How Fast Are On-Device LLMs on iPhone 17 Pro and iPad Pro?

Ricky Takkar
Published February 8, 2026

TL;DR: I ran 6 quantized LLMs on Russet which uses Apple's first-party MLX framework on an iPhone 17 Pro and iPad Pro M5, both with 12GB RAM. LFM2.5 1.2B at 4-bit hits \(\text{124 tokens/sec}\) on iPad and \(\text{70 tokens/sec}\) on iPhone. iPad Pro is 1.2x–2.2x faster depending on model and prompt length, with the gap widening dramatically for longer contexts.

Why This Exists

There are plenty of MLX benchmarks for Macs running 20B+ models. There are almost none for iPhones and iPads running the small models that actually fit comfortably in mobile memory. I wanted real numbers for the models I ship in Russet, a private, on-device AI app designed for Apple silicon with no accounts and no ads. So I built a benchmark harness directly into a modified build of the publicly available 2026.02.15 version of the app and ran it systematically on my iPhone and iPad. Also, I needed a break from the cold, and there’s only so much sitting around waiting for M5 Pro/Max chips I can tolerate.

The question I wanted to answer: which sub-1GB quantized model gives the best user experience on the go?

Devices

Device	Chip	RAM	OS
iPhone 17 Pro	A19 Pro	12 GB	iOS 26.3 RC
iPad Pro	M5	12 GB	iPadOS 26.3 RC

Models Tested

Model	Size	Quantization
Qwen3 0.6B	351 MB	4-bit
LFM2.5 1.2B Instruct	663 MB	4-bit
Llama 3.2 1B	713 MB	4-bit
Gemma 3 1B (QAT)	772 MB	4-bit
LFM2.5 1.2B Instruct	951 MB	6-bit
Qwen3 1.7B	984 MB	4-bit

These represent the set of MLX models from Hugging Face offered on Russet that can run on both devices without hitting jetsam memory limits (which kill apps consuming roughly 50–67% of total RAM depending on device state).

Methodology

Benchmark Design

Each model was tested with 3 prompts of increasing length to isolate prefill vs. decode performance:

Prompt	Input Tokens	Output Tokens	What It Tests
Short	~47	128	Decode-dominated (minimal prefill)
Medium	~279	256	Balanced prefill + decode
Long	~690	512	Prefill-heavy, sustained decode

Critical Methodology Choices

Fixed output length (EOS ignored). Most benchmarks let the model stop when it emits an EOS token. This makes TPS numbers incomparable across models — a model that generates 43 tokens looks faster per-token than one generating 512, because it never hits KV cache pressure or thermal throttling. I bypass MLX's internal EOS handling entirely using TokenIterator directly, forcing every model to generate exactly the target token count. A consequential design decision.

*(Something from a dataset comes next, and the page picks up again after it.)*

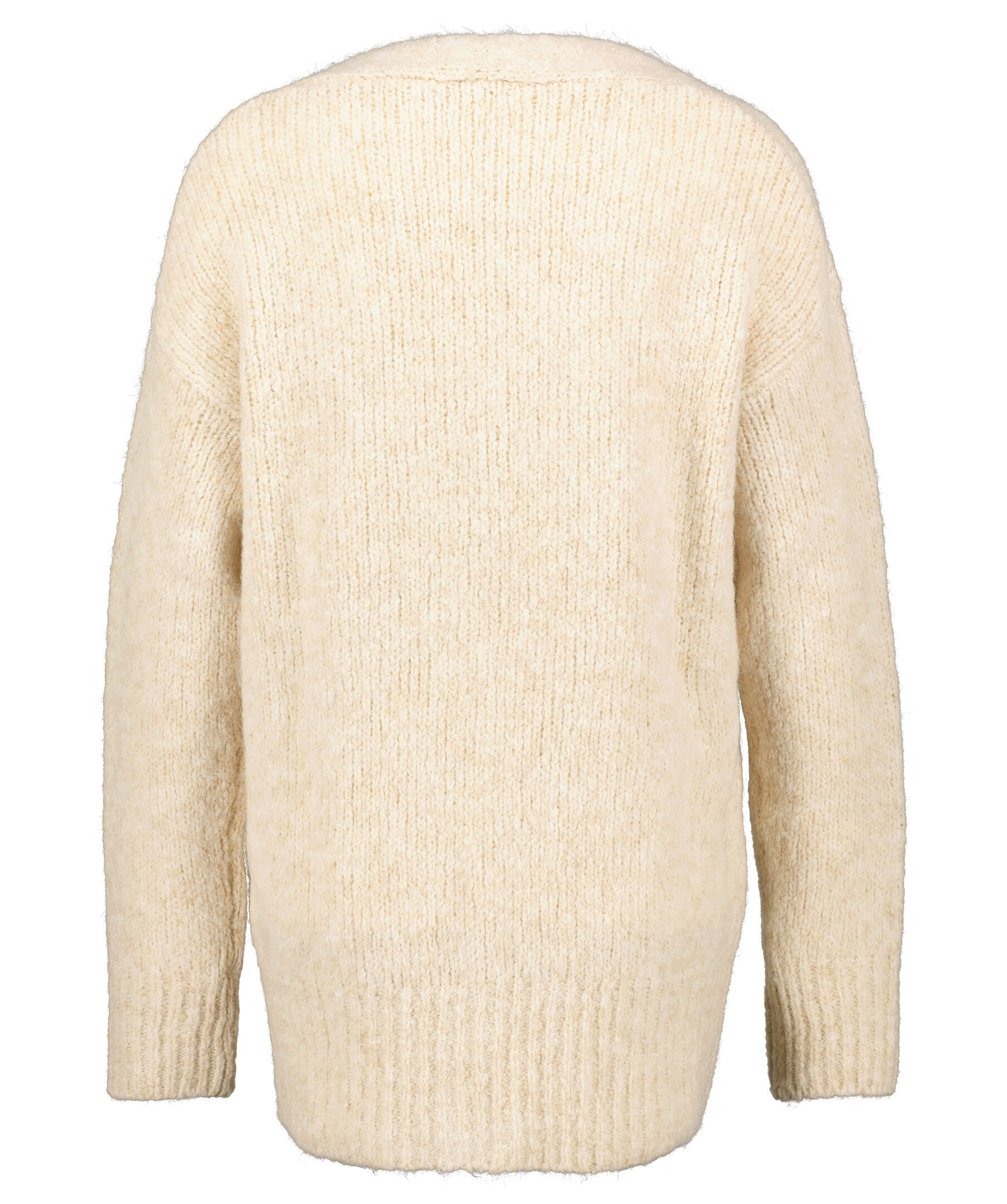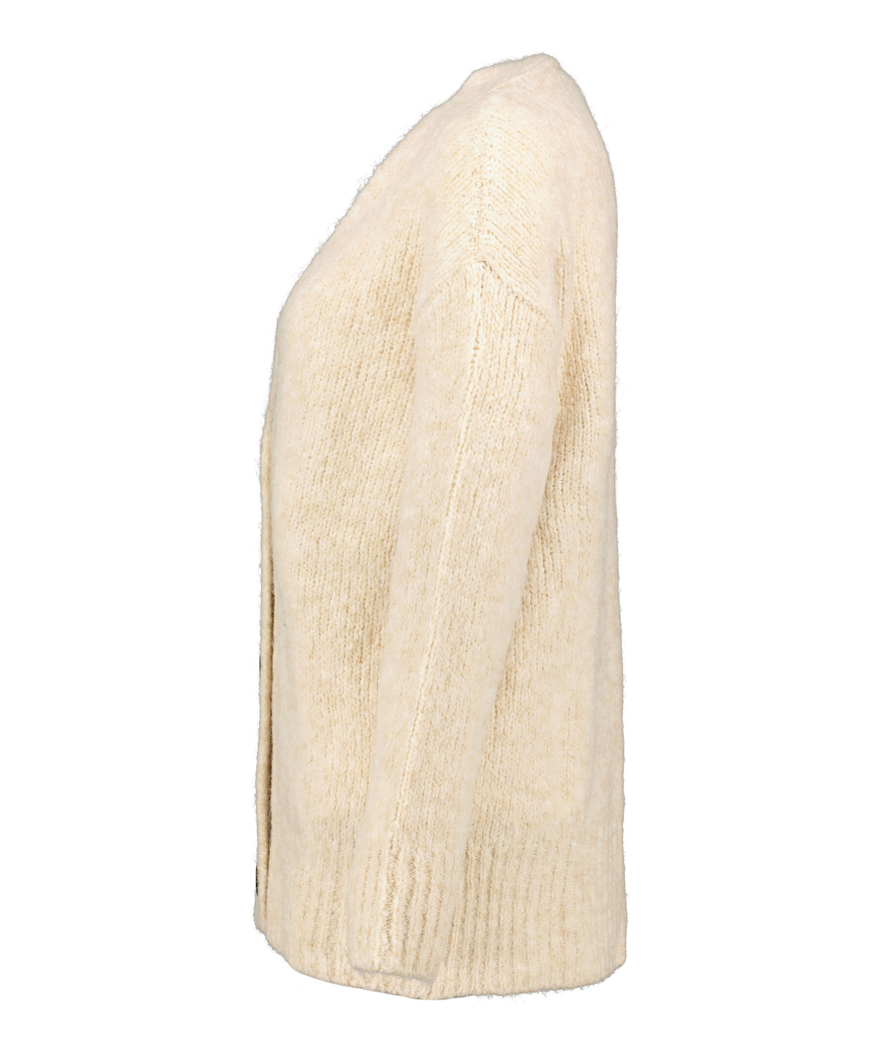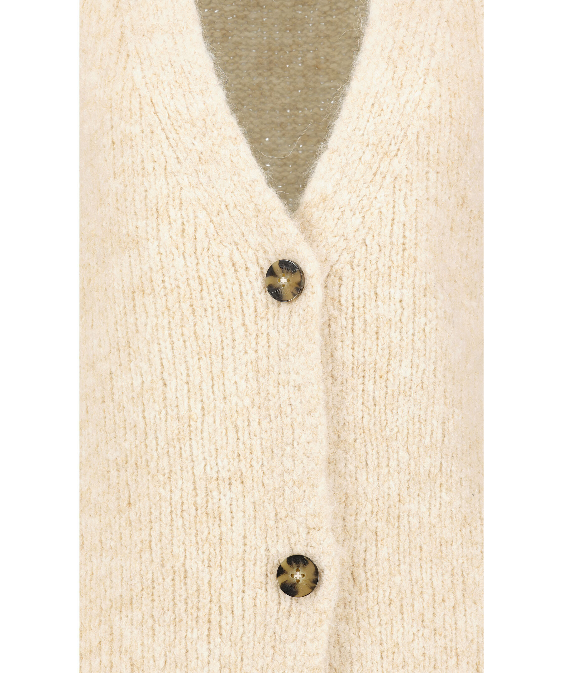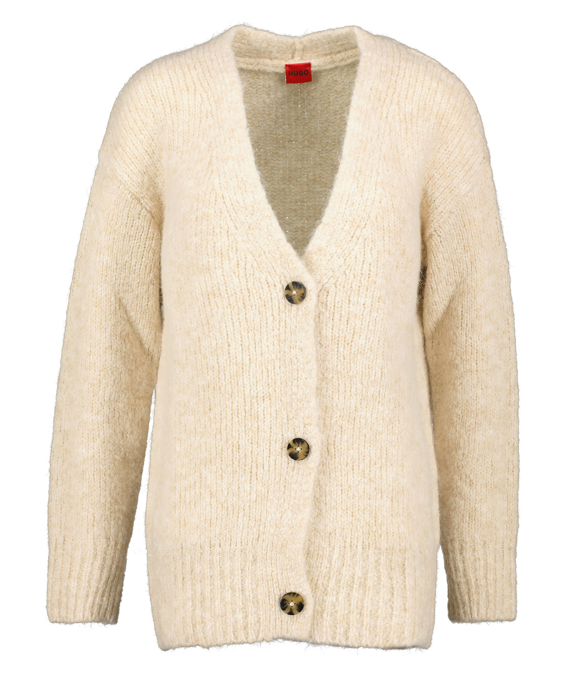 Beige, ribbstickad kofta från HUGO women. V-ringad och stängs med tre melerade knappar. Avslappnad passform och är gjord i en varm ullblandning.

Deterministic decoding. Temperature = 0 top-p = 1.0 Greedy decoding eliminates sampling variance so TPS numbers reflect pure inference speed, not stochastic branching.

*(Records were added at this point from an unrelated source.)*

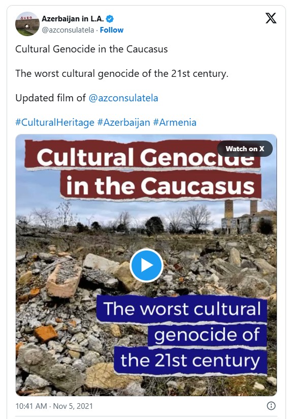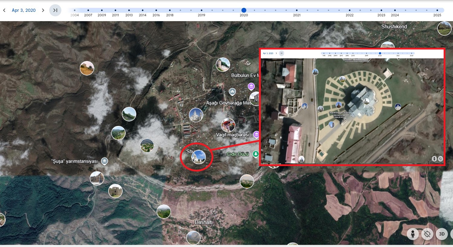 Claim 2: Christian religious monuments in Karabakh are being subjected to mass destruction. Quote: “In 2023 alone, reports documented alarming levels of violence against Christians and other religious minorities. For example, satellite imagery revealed the destruction of Armenian Christian sites in Nagorno-Karabakh following Azerbaijan's military takeover of the region. Churches, cemeteries, and schools were deliberately damaged or destroyed, underscoring the regime's systematic targeting of religious heritage.”
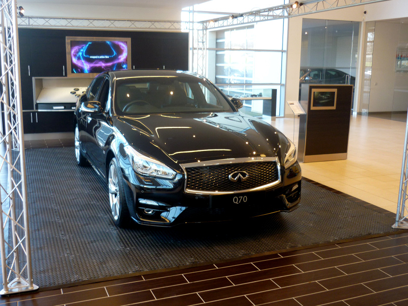 As part of the launch of their new Q70 car, Infiniti Cars required a display flooring solution for a display area in five separate showrooms across the UK in Birmingham, Glasgow, Leeds, Reading and Stockport. The all new Q70 is positioned under a spotlight lighting rig, they wanted to showcase a single car, raised off the standard showroom floor using the industrial, heavy-duty mats, which corresponded with its luxury sports image.
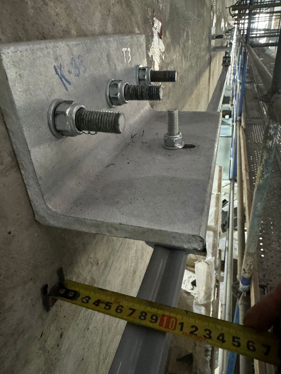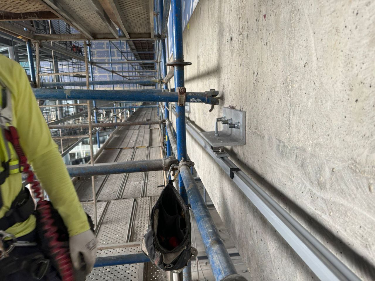 Для гарантии безупречного соответствия проектной документации разметка под анкерные крепления на объекте выполнялась с применением геодезического оборудования. Это позволило обеспечить максимальную точность и надежность будущей системы, что критически важно для безопасности высотных работ.
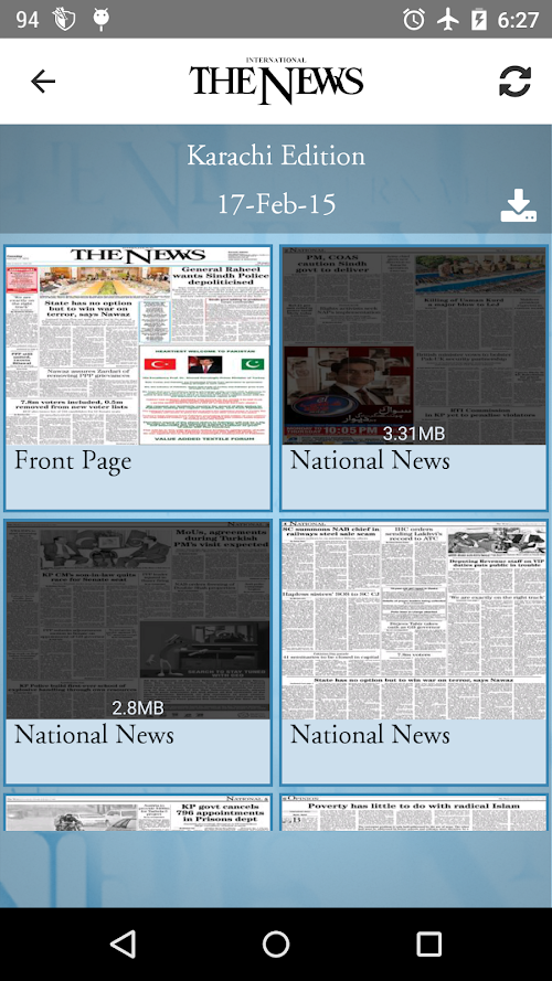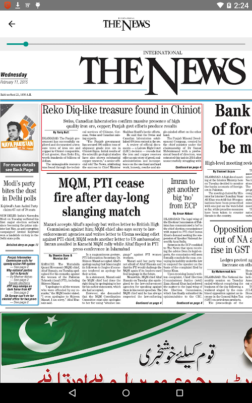 Official ePaper app for The News International. Read the daily newspaper in original format. Download pages for optimal offline reading. Browser latest and archived editions. Pre-download most read pages to ensure great experience and quick reading.

Actual tokenizer counts. Input tokens are counted via the MLX tokenizer input.text.tokens.size, not estimated by dividing character count by 4.3 (which is how Russet calculates token consumption count in release builds - yes, I've been lazy about this :p). Output tokens are counted per-iteration in the generation loop.

Fresh KV cache per run. No cache reuse between runs. Each run creates a new RotatingKVCache with a 2048-token limit.

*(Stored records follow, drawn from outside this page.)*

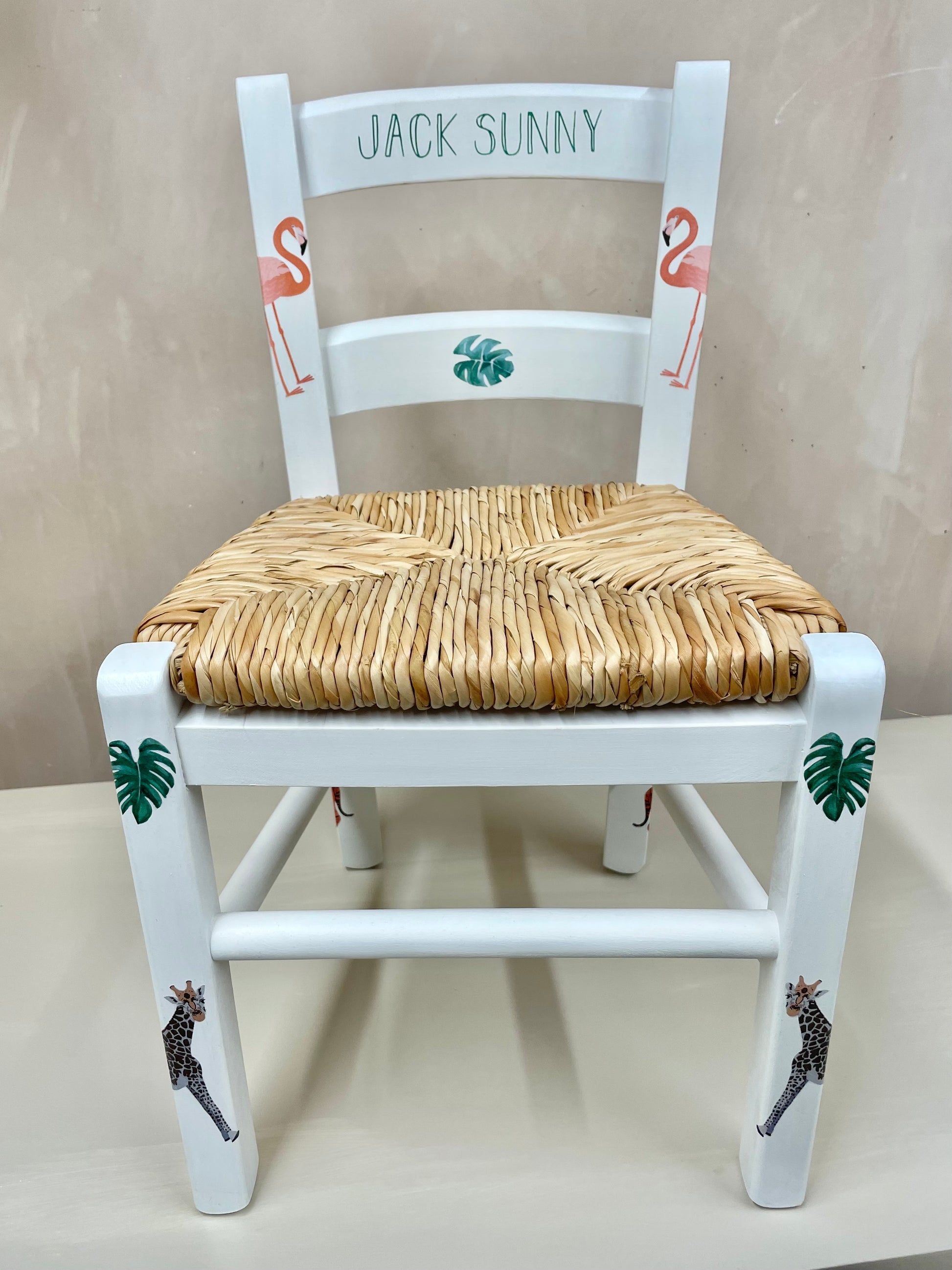 Personalised decoupaged children's chair - Flamingo Friends theme - made to order
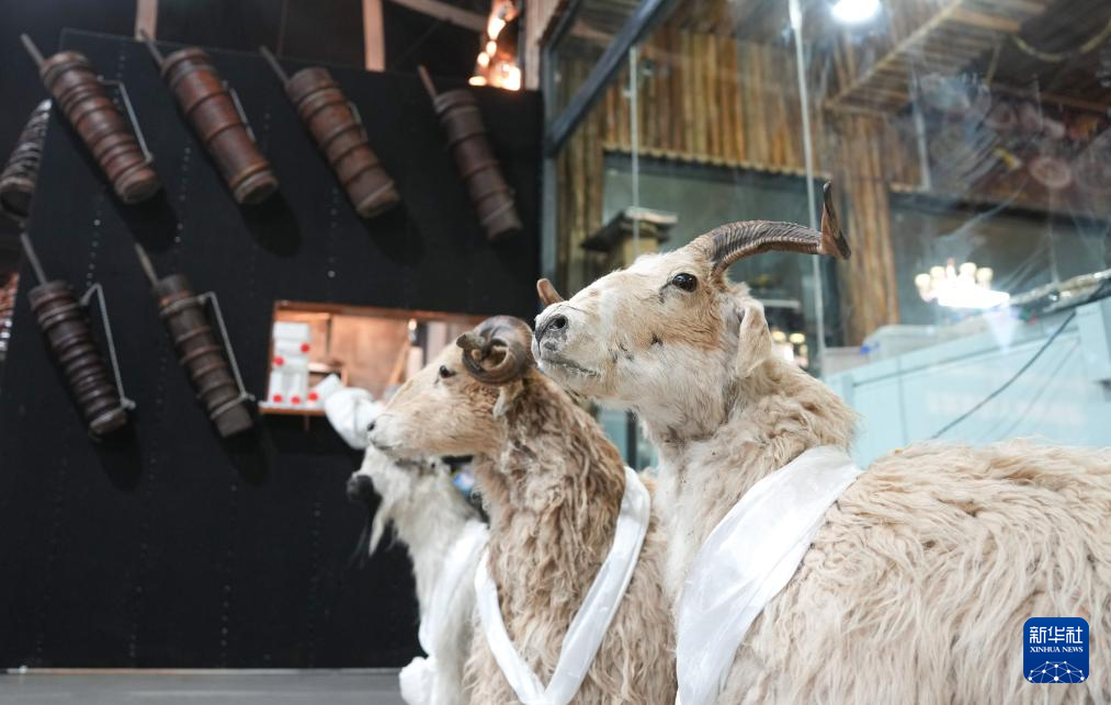 當(dāng)?shù)孛袼讓<邑暡悸逋凇澳寥藢殠?kù)”藏式茶館展示擠羊奶用的木桶(2月13日攝)。新華社記者 晉美多吉 攝
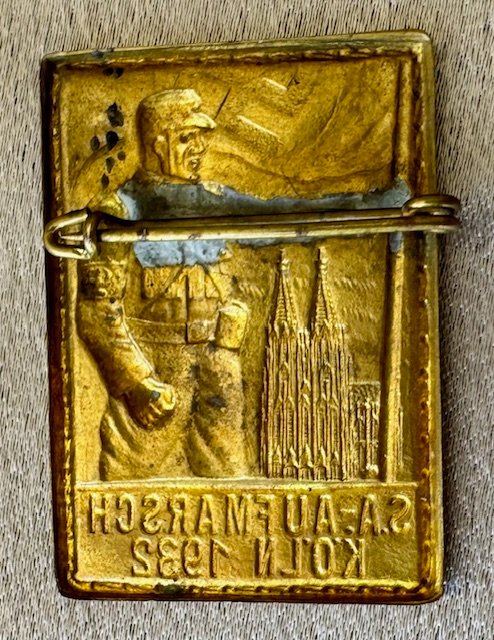 SA Aufmarsch Köln 1932 Tinnie, metal pinback, 28xx x 44mm, very rare

Warmup + measured runs. 2 warmup runs (discarded) + 10 measured runs per model per prompt. I report p50 and p90 to capture both typical and tail-case performance.

Thermal monitoring. I ran these benchmarks in my upstate New York apartment with the window open in −27.4°F (−33°C) wind chill, holding each device near the window between model runs until it felt cool to the touch. Serious stuff, I know… Anyway, not a single run triggered a .serious thermal state. (ProcessInfo.thermalState was checked between runs.)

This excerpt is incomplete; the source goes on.